The aim of this study is to evaluate the effects of the COVID-19 pandemic on pain, stress, sleep and quality of life in patients with chronic musculoskeletal pain and the relationships between them. In this cross-sectional study, 100 volunteer patients aged 18-65 years with chronic (longer than 3 months) musculoskeletal pain were included. Age, gender, body-mass index (BMI) and systemic diseases of the participants were recorded as demographic data. Data were collected regarding the area of the body where pain is most dominant in the musculoskeletal system and how long the pain has been in these area, whether there is routine use of analgesics before and after the pandemic and the amount if any, whether the person or the person's relatives have a history of COVID-19, whether exercising regularly before and after the pandemic. Afterwards, the participants were asked to evaluate their general pain severity and global well-being assesment with the visual analog scale (VAS) in the pre-pandemic period and in the last month. For pain severity, the patients marked their pain severity on a line of 10 centimeters (cm) with the starting point (0) expressing no pain, and the end point (10) expressing the most severe pain experienced in life; for patient's global assesment the patients marked their global assesment on a line of 10 centimeters (cm) with the starting point (0) expressing very good, and the end point (10) expressing very bad. The distance between the point marked by the patient and the starting point was measured. The higher the measured value meant the greater the severity of the patient's pain and the worse the patient's global assessment [11]. Subsequently, the patients were asked to answer questions on the Perceived Stress Scale (PSS), Pittsburgh Sleep Quality Index (PSQI) and Nottingham Health Profile (NHP) scales.

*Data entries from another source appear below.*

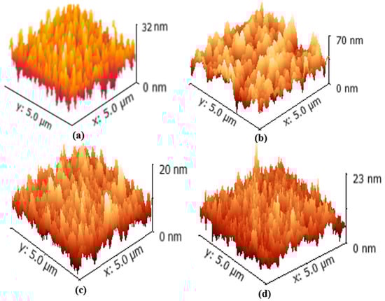 Three-dimensional surface morphologies of CdTe films deposited at different substrate-target distances, Dts. (a) 3.5 cm; (b) 4 cm; (c) 4.5 cm; and (d) 5 cm.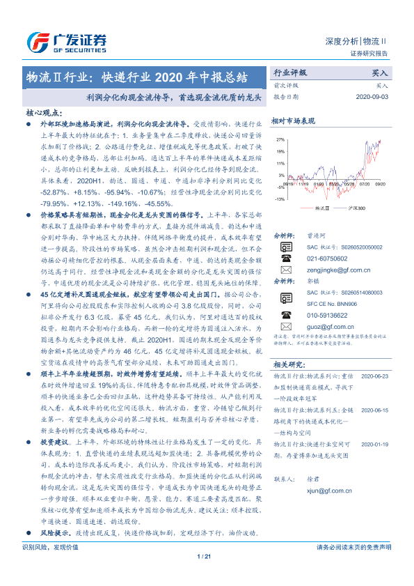 【广发证券】【20200903】快递行业2020年中报总结:利润分化向现金流传导-21页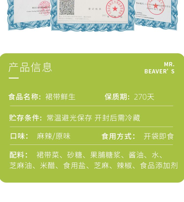 商品名称:海狸先生裙带菜100g*6袋 混合装 酸甜味*3袋 麻辣味*3袋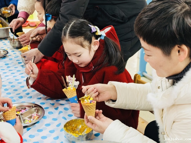 美味甜筒 一饱口福 美食屋里很热闹,大家将熟红薯压成泥,再一勺一勺装进甜筒里,最后加点彩虹豆、饼干条等装饰一下。制作完成的美味红薯冰淇淋,让家长和孩子一饱口福。
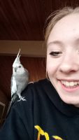 Named Darwin, loves millet and broccoli. Makes kissing sounds and plays peek-a-boo. Has slightly clipped sings, love to ride on shoulders.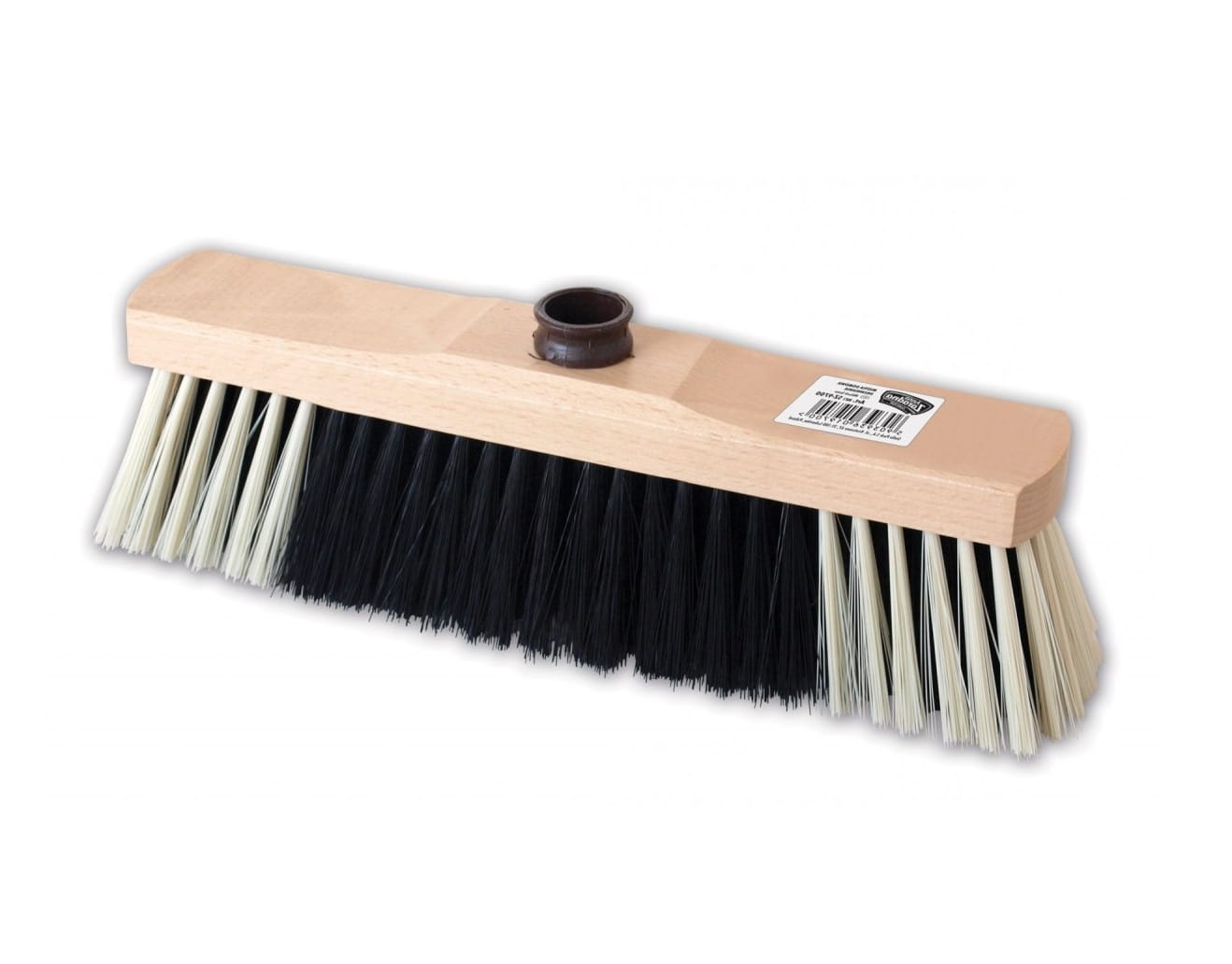 Miotła o szerokości 28 cm, wykonana z drewna, z włosiem sztucznym, pasują do niej trzonki o standardowym gwintowaniu, bardzo trwała, idealna do użytku domowego. Mix kolorów.

Condition or Disease Intervention/Treatment Phase
  • Other: Survey

Study Design

Study Type:
Observational
Actual Enrollment :
100 participants
Observational Model:
Other
Time Perspective:
Cross-Sectional
Official Title:
EVALUATION OF THE EFFECTS OF THE COVID-19 PANDEMIC ON PAIN, STRESS, SLEEP AND QUALITY OF LIFE IN PATIENTS WITH CHRONIC MUSCULOSKELETAL PAIN
Actual Study Start Date :
Jan 1, 2021
Actual Primary Completion Date :
Mar 1, 2021
Actual Study Completion Date :
Mar 1, 2021

Outcome Measures

Primary Outcome Measures

  1. General pain severity and global well-being assesment with the visual analog scale (VAS). [2 months]

    For pain severity, the patients marked their pain severity on a line of 10 centimeters (cm) with the starting point (0) expressing no pain, and the end point (10) expressing the most severe pain experienced in life; for patient's global assesment the patients marked their global assesment on a line of 10 centimeters (cm) with the starting point (0) expressing very good, and the end point (10) expressing very bad.

  2. Perceived Stress Scale (PSS) [2 months]

    It is a scale to evaluate how stressful some situations in life are perceived by the individual. The long form of the scale consists of 14 items in total. The situations given in each item are evaluated with a 5-point Likert-type scale (0=never, 1=almost never, 2=sometimes, 3=fairly often, 4=very often). The scale has two short forms consisting of 10 and 4 items. The total score ranges from 0-56 for PSS-14, 0-40 for PSS-10, and 0-16 for PSS-4. The higher the scores, the greater the person's perception of stress.

  3. Pittsburgh Sleep Quality Index (PSQI) [2 months]

    It is a scale to evaluate sleep quality and disorders. It consists of 24 questions in total. 19 questions are self-assessment questions, 5 questions are assessment questions made by their spouse or roommate. 18 question items are used in scoring. The scale consists of 7 components: subjective sleep quality, sleep latency, sleep duration, habitual sleep efficiency, sleep disturbance, use of sleep medication, and daytime dysfunction. While some of the components consist of a single question item, some are formed by grouping several items. Each component is scored between 0 and 3 points, and the total score of the components gives the total score of the scale. The higher the total score the worse the sleep quality.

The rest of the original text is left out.